Take 1/4 cup of the sugar and mix with the pectin in a separate small bowl. Set aside.

Pit unpeeled plums. Finely chop fruit. Place fruit in saucepan and add water. Bring to boil. Reduce heat to medium-low. Simmer for 5-10 minutes (until they look soft and cooked), stirring occasionally and mash a bit with a potato masher. Measure exactly 6-1/2 cups prepared fruit into a heavy-bottomed stockpot.

Add pectin/sugar mixture to fruit in stock pot. Bring to full rolling boil (a boil that doesn’t stop bubbling when stirred) on high heat, stirring constantly. Stir in remaining 4-1/4 cups sugar. Return to full rolling boil and boil exactly 1 minute, stirring constantly. Remove from heat. Let sit for 2 minutes, stirring occasionally and skimming off any foam with a metal spoon.
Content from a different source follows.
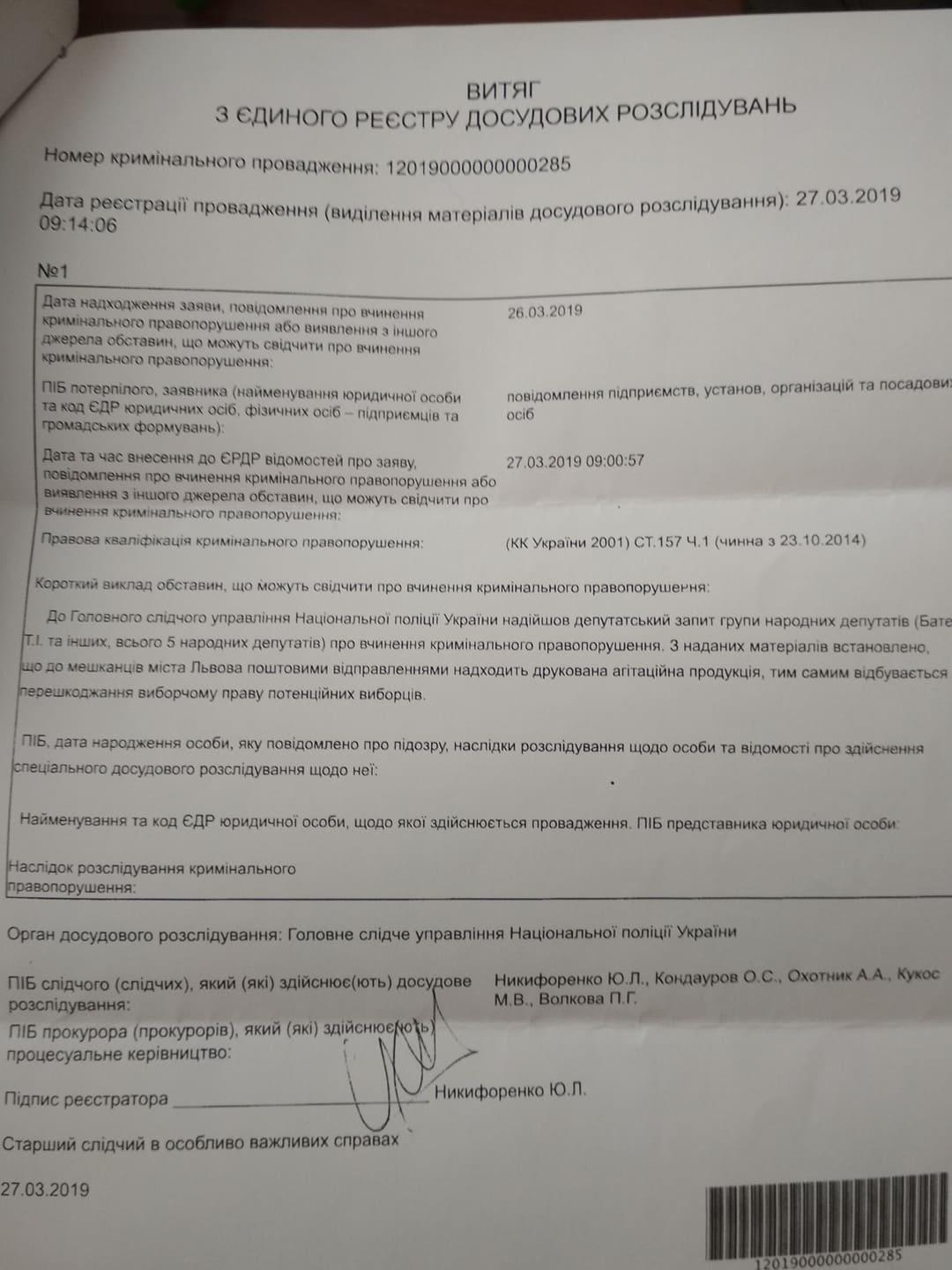 «До Головного слідчого управління Національної поліції України надійшов депутатський запит групи народних депутатів (Батенка Т. І. та інших, всього 5 народних депутатів) про вчинення кримінального правопорушення. З наданих матеріалів встановлено, що до мешканців міста Львова поштовими відправленнями надходить друкована агітаційна продукція, тим самим відбувається перешкоджання виборчому праву потенційних виборців», – сказано у витязі з Єдиного реєстру досудових розслідувань.Як відомо, укропівці повідомляли, що зі ЗМІ вони дізналися про надсилання мешканцям Львівської області листівок з інформаційними матеріалами від імені президента України, у яких ідеться про напрямки перспективного розвитку регіону на 2019-21 роки. Матеріали розробила та надрукувала Рада регіонального розвитку, до них додається анкета й конверт зі зворотною адресою. На думку нардепів від УКРОПу, поширення такої друкованої продукції є маніпулятивною передвиборчою агітацією та збором даних потенційних виборців. Крім того, автори документа звернули увагу, що мінімальний тираж дороговартісних анкет становить 730 тис., карт – 20 тис., брошур – 5 тис. екземплярів.

(Save the foam! It is delicious. Put it in the refrigerator and use it within a few days. Stir it into your yogurt, put it on your ice cream, or just use it like jam. It is jam really, just foamier.)

Ladle into prepared jars, filling to within 1/8 inch of tops. Run a butter knife around inside of jars to remove air pockets. Wipe jar rims and threads. Cover with lids. Screw bands on tightly. Place jars on rack in canner. Water must cover jars by 1 to 2 inches. Add boiling water, if necessary. Cover and bring water to gentle boil. Process for 10 minutes.

Remove jars and place upright on a towel to cool completely. After jars cool, check seals by pressing middles of lids with finger. (If lids spring back, lids are not sealed and refrigeration is necessary.)